Denn nur durch den Widerstand wird die Erfahrung auch zu einer Prüfung. Die Veränderungen der körperlichen und emotionalen Dimensionen (Punkt 5) sind nicht zuletzt durch den sexuellen Kontakt gegeben, beziehen sich aber auch auf die neue Position (damit verbunden ein neuer Status) im sozialen Umfeld, besonders der Familie.

In Gesprächen wurde häufig der Widerstand der Familie erwähnt, den manche muxes beim Coming-out erleben.

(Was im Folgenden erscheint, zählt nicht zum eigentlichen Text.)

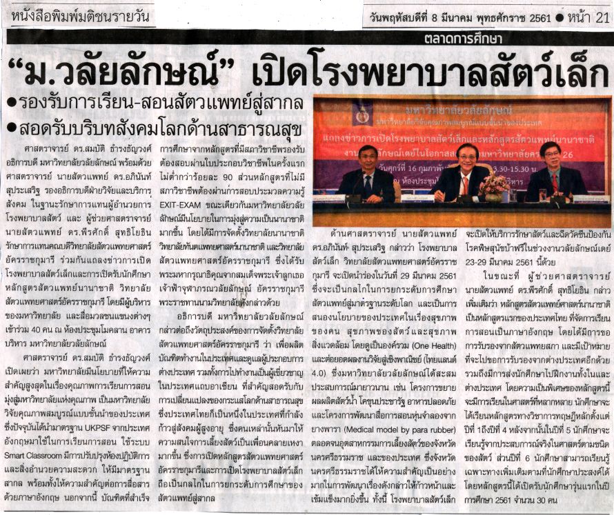 หนังสือพิมพ์ 09 มีนาคม 2561 ฮิต: 521 ม.วลัยลักษณ์ เปิดโรงพยาบาลสัตว์เล็ก ให้เรตสมาชิก: 0 / 5 Tags: มติชน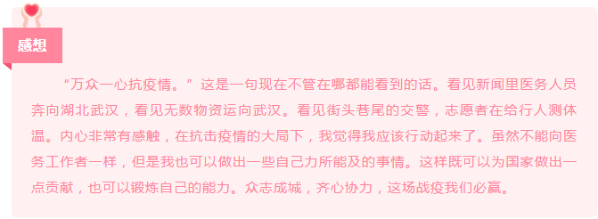 在疫情这场战役中,除了战斗在一线的医护工作者们,还有在疫情防护工作的志愿者们,是他们的默默付出,使我们在这特殊时期感受到了温暖与安全。 18酒店洲际英才班:高晓鑫
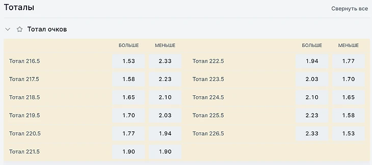 Несмотря на то, что коэффициент на это событие может быть ниже, чем в начале матча, вероятность его прохода увеличивается. Ведь букмекер изначально не просто так установил средний тотал на уровне 49,5 очков, основываясь на статистике и опыте.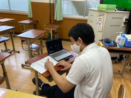 予定通り,今日の午後から1年生は端末を持ち帰ってTeamsの動作確認を行いました。ZOOMと異なるので,先生達も入念に準備を進めていました。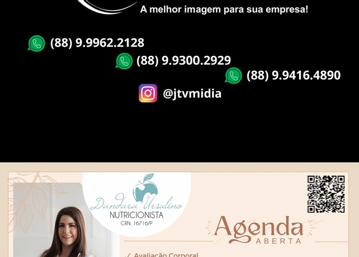 Confira a página da empresa JTV Midia e da nutricionista Dandara Ursulino, na nossa mais nova edição da Revista César Macêdo Acontece. (Diagramação: por Felipe Mendes)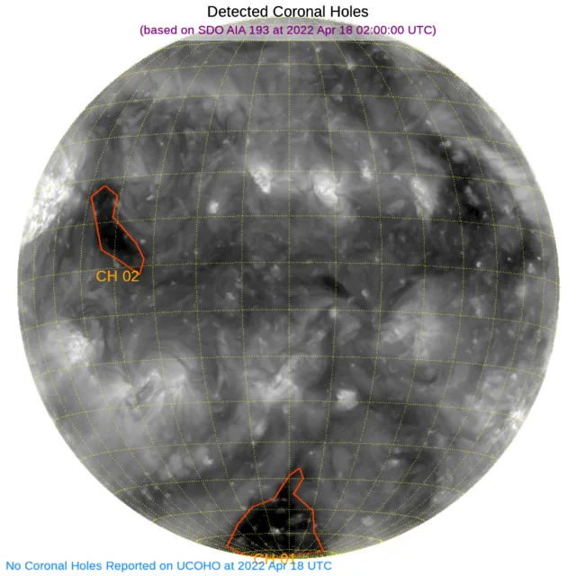南の極と北半球東端にコロナホールがあります

Einerseits kann dieser als homophobe Haltung gedeutet werden, einer meiner Gesprächspartner hat dies jedoch anders interpretiert. So meinte G. aus Int. 3, dass dieser Widerstand als Teil des rituellen Ablaufs gesehen werden kann. Wenn Jugendliche in ihrer Pubertät Grenzen testen, ihre „Identitäten“ starke Veränderungen erfahren, dann werden viele Varianten und Lebensweisen ausprobiert. Ein Coming-out kann, wenn der Lebensweg linear gedacht wird, als Gabelung gesehen werden, nach deren Durchschreiten es kein Zurück gibt. Die Eltern sorgen mit ihrem prüfenden Verhalten, dass diese nachhaltige Entscheidung bzw. das Bekennen zu einer sexuellen Orientierung und/oder zu einem sozialen Geschlecht (das dem bei der Geburt bestimmten nicht übereinstimmt), auch wohl überdacht wird, sowie die Ernsthaftigkeit und die Folgen berücksichtigt werden. Ist dieser Prozess durchlaufen, gibt es in den meisten Fällen kein Zurück mehr und die Konsequenzen müssen getragen werden. Merken die Eltern, dass die Entscheidung ernst gemeint ist, so ändern auch sie oft die ablehnende Haltung in wohlwollende Unterstützung.